Overarching goal and ambition
Our overarching goal of is to go beyond mere data fitting and advance towards the more significant achievement: learning and understanding the processes through advanced AI techniques, model simulations and domain knowledge. The ideas have been well-received and supported by the EU excellence science pillars (ERC-USMILE, H2020-DeepCube and H2020-XAIDA, Marie Curie iMIRACLI), and are being adopted by different communities in the Brain, Earth, Climate, and Social sciences as well. Our research agenda (AI, hybrid physics-aware ML modeling, abstraction, understanding rather than fitting, explainability and observational causal discovery) are not only timely but urgent in the current context of a big data deluge.
Activities
The activities in ISP involve strong interactions between the theoretical and the complex systems pillars, see figure below. A theoretical component, led by ISP in the interplay between machine learning and visual neuroscience feeds case studies of complex systems, most notably the Earth and climate system, the visual brain and the biosphere-anthroposphere interactions. Follow the links above to learn more details about the specific goals, proposed methodology, group collaborations, related projects, and applications in the particular case studies.
Why us? Why with us?
Our research agenda for the 2020-2030 follows the tradition and expertise of the team over the last 20 years on remote sensing data analysis and visual neuroscience, and tackles more ambitious problems around complex systems with similar computational techniques and advanced machine learning.

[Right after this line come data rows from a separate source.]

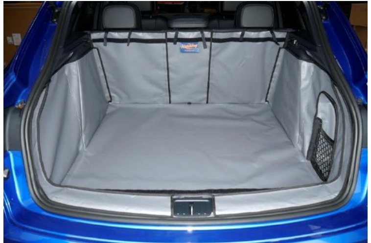
ACHTER PLUS MET GESPLITSTE STOELN
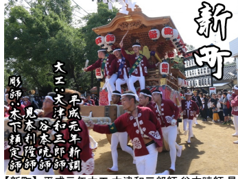
【新町】平成元年大工:大津和三郎師、谷本暁師、見本利隆師、彫師:木下頼定師によって新調。令和 3 年、大工:泉谷工務店、彫師:木影前田工房によって新調予定。(西鳥取地区)
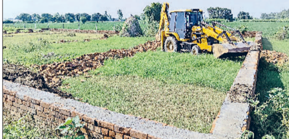
गन्नौर। गांव बड़ौत की राजस्व भूमि पर विकसित की जा रही अवैध कालोनी में निर्माण को दहती जैसीबी।

जिला नगर योजनाकार विभाग की टीम ने शुक्रवार को गांव बड़ौत की राजस्व भूमि पर विकसित की जा रही अवैध कालोनी में कार्रवाई की। विभाग की टीम ने वहां 3 डीपीसी व कच्चे रास्ते ध्वस्त किए। वहां दूसरी ओर विभाग की कार्रवाई के बावजूद गन्नौर क्षेत्र में अवैध कालोनी काटने का धंधा लगातार फल फूल रहा है। शहर और आसपास कालोनाइजर बेखौफ कालोनियां काट रहे हैं। इससे साफ है कि विभाग की कार्रवाई केवल कागजों तक सीमित है। बड़ी औद्योगिक क्षेत्र फेज 3 के पास लहड़ेडी रोड पर, औद्योगिक क्षेत्र के फेज 2 के सामने व जीटी रोड किनारे अलग-अलग स्थानों पर
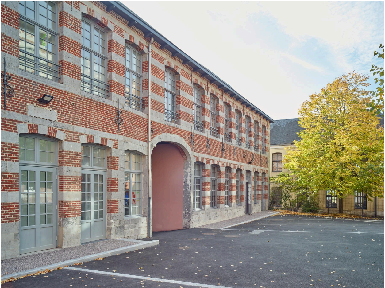
Vue de l'aile orientale, depuis la cour au nord-ouest.
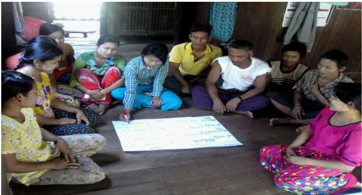
သာပေါင်းမြို့နယ်၊ လှေကြီးတက်အုပ်စု။ တပ်ကုန်းကျေးရွာတွင် PRA Tools များ ပြုလုပ်ပုံ
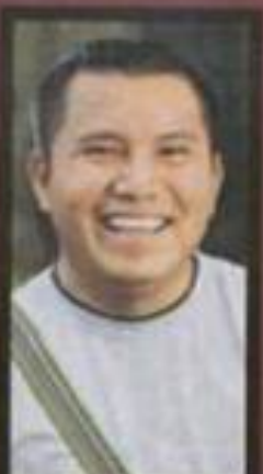
JACINTO Y LA ESCUELA DE ENFERMERÍA
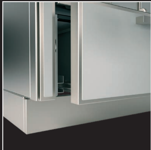
Großräumige Holzlade mit gedämpftem Selbsteinzug Soft Close
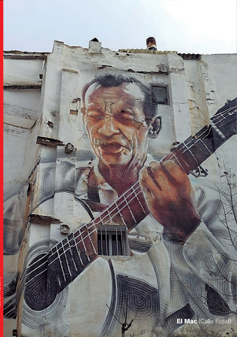
El Mac (Calle Fosal)

The team has received funding from the EU excellence pillars in the last years: (1) 2 ERC grants (consolidator and synergy) related to geosciences and climate modeling with AI, (2) seven H2020 projects for the development of AI both theoretically and with Earth, vision, and societal applications, and (3) involvement in 6 MINECO projects at the intersection of remote sensing, Earth, and vision sciences. We participate in and coordinate top-notch research projects from the last 5 years. See the Projects page.
The group is also very active in technology transfer internationally, with projects in collaboration with ESA, NASA, EUMETSAT, or Google. See the Collaborators page. The group is committed to higher-level education: ISP lectures in several endorsed masters, participates in COST actions, coordinates activities in an ELLIS research program, and is a core member of ELISE and i-AIDA for the excellence of AI science, transfer, and education in Europe. We contribute to knowledge transfer, as well as to the development and adoption of AI in the industry and private sectors.